I am aware that normal distribution arises as the limit even when the averages are taken over non-independent random variables. But in some sense, it seems the correlations among the $X_i$'s are weak. Is this intuition correct? In other words, when can we expect a central limit theorem?
Is there some deeper notion embodied in this limit law? It is so universal, it seems it is quite mysterious...
Here is an answer to "what's so special about the normal distribution?"
The limiting distribution is normal because the family of normal distributions is closed under addition (and averaging): if $X$ and $Y$ are normal, so are $X+Y$ and $\frac{X+Y}{2}$, with the appropriately modified means and variances.
So if we started with a bunch of i.i.d. normal random variables, their average would stay normal. This tells us that if any sort of central limit theorem holds, it ought to give the normal distribution in the limit.
In general, whenever a limit theorem holds, it gives a distribution in the limit which is closed under the operation we care about.
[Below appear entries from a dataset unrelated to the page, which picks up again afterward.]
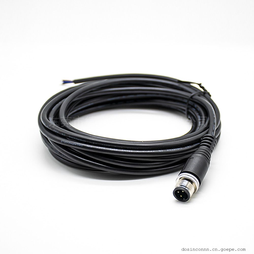德索M12注塑线材A编码3芯公直式焊接5M单边线AWG22RHT-605-1878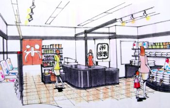 お米屋さんの模型(入口のイメージ)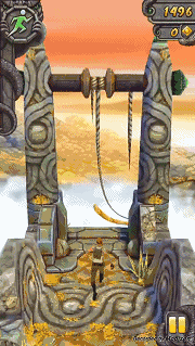 说到《水果忍者》,就不得不提到同期一样红火的《神庙逃亡》。《神庙逃亡》于2011年8月在App Store上发布,玩家扮演一位到古庙寻宝的冒险家,获得禁忌的秘宝后,会有一只黑乎乎的怪物向你袭来。玩家需要在被它抓住前,奋力逃亡。在没有终点的逃亡路线中,设有各种各样的致命机关。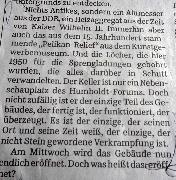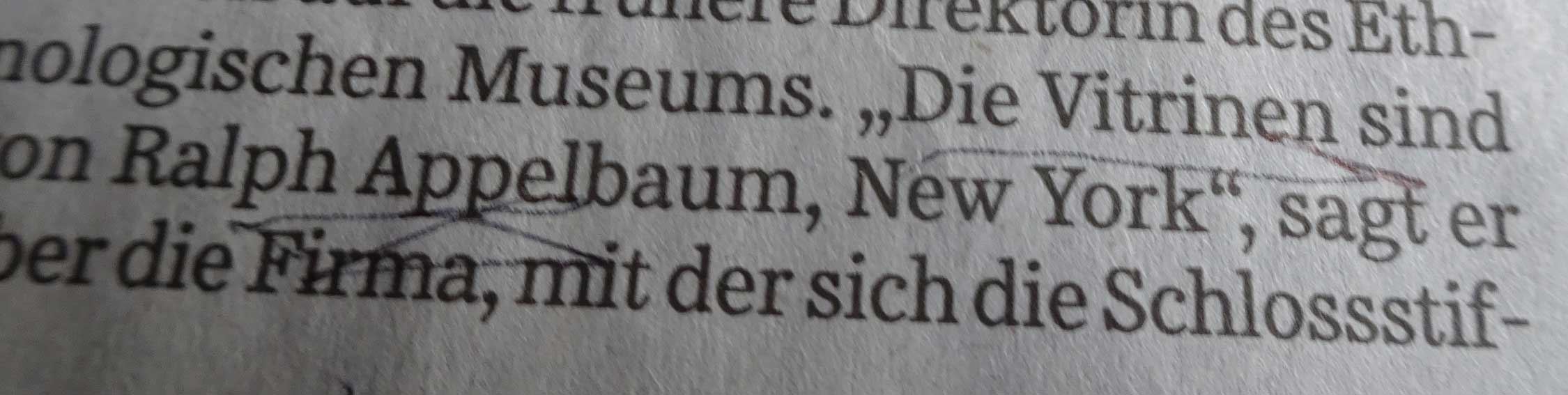 leer die Appelbaum'schen Vitrinen Abgehauen der Designer des Holocaustmuseums in Washington und hatten sichs so schon ausgedacht. Dass er das nun macht hier. Wenigstens im Inneren

There are other limit theorems for other cases. For example, the Poisson distribution is a distribution on $\mathbb N$ with a similar property: if $X$ and $Y$ are Poisson, so is $X+Y$. We have Le Cam's theorem and Janson's inequality as two instances of the claim that if we sum many approximately-independent Bernoulli random variables, then in cases where the mean of the sum is constant, it has an approximately Poisson distribution.
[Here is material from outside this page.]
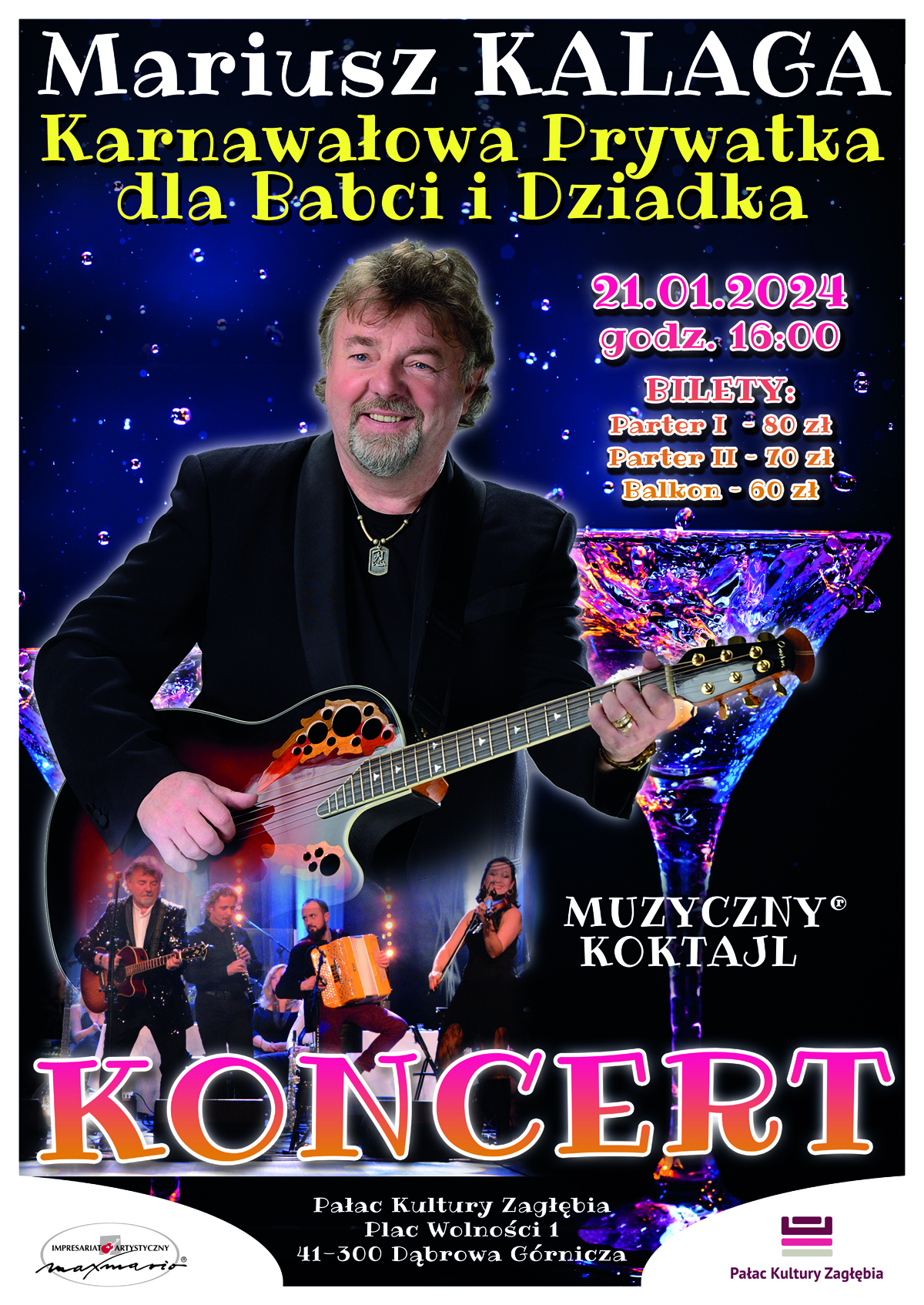 Jeśli chcielibyście Państwo mile spędzić czas i posłuchać melodyjnych piosenek, uśmiechnąć się słuchając inteligentnego humoru i zabawnych dialogów z publicznością, jednocześnie pośpiewać znane i lubiane szlagiery, zapraszamy Was do Pałacu Kultury Zagłębia 21 stycznia o 16:00 na koncert Karnawałowa prywatka dla babci i dziadka na którym wystąpi – Mariusz Kalaga z zespołem.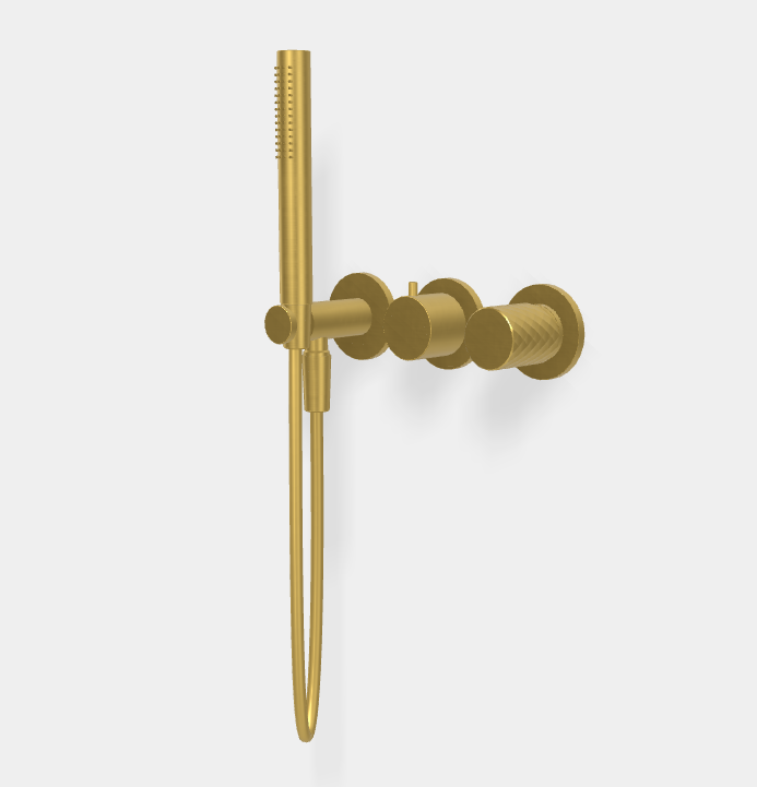 Смеситель для душа, Fima Carlo Frattini, Spillo Tech, X COLLECTION, на 2 потребителя, тип открывания воды-однорычажный, тип регулирования воды-керамический картридж, монтаж-настенный встраиваемый, отверстия для монтажа-3, в комплекте-переключатель, держатель для душа с подводом воды, ручной душ с защитой от извести анти-кальк, гибкий шланг хромалюкс,мм-1500, металлическая пластина, внутренняя часть-необходимо заказать, цвет-брашированное золото Смеситель для душа, Fima Carlo Frattini, Spillo Tech, X COLLECTION, цвет-брашированное золото

(This doesn't contradict the central limit theorem, because the Poisson distribution with mean $\lambda$ is well-approximated by the normal distribution with mean and variance $\lambda$ when $\lambda$ is large.)
For another example, the exponential distribution is closed under minimums and scaling: if $X$ and $Y$ are exponential, so are $k \cdot X$ and $\min\{X,Y\}$. We can prove various forms of a "minimum limit theorem": if $X_1,X_2, \dots, X_n$ are sufficiently independent nonnegative random variables with probability density functions that have nonzero and reasonably similar values at $0$, then then $n \cdot \min\{X_1, X_2, \dots, X_n\}$ should be approximately exponential.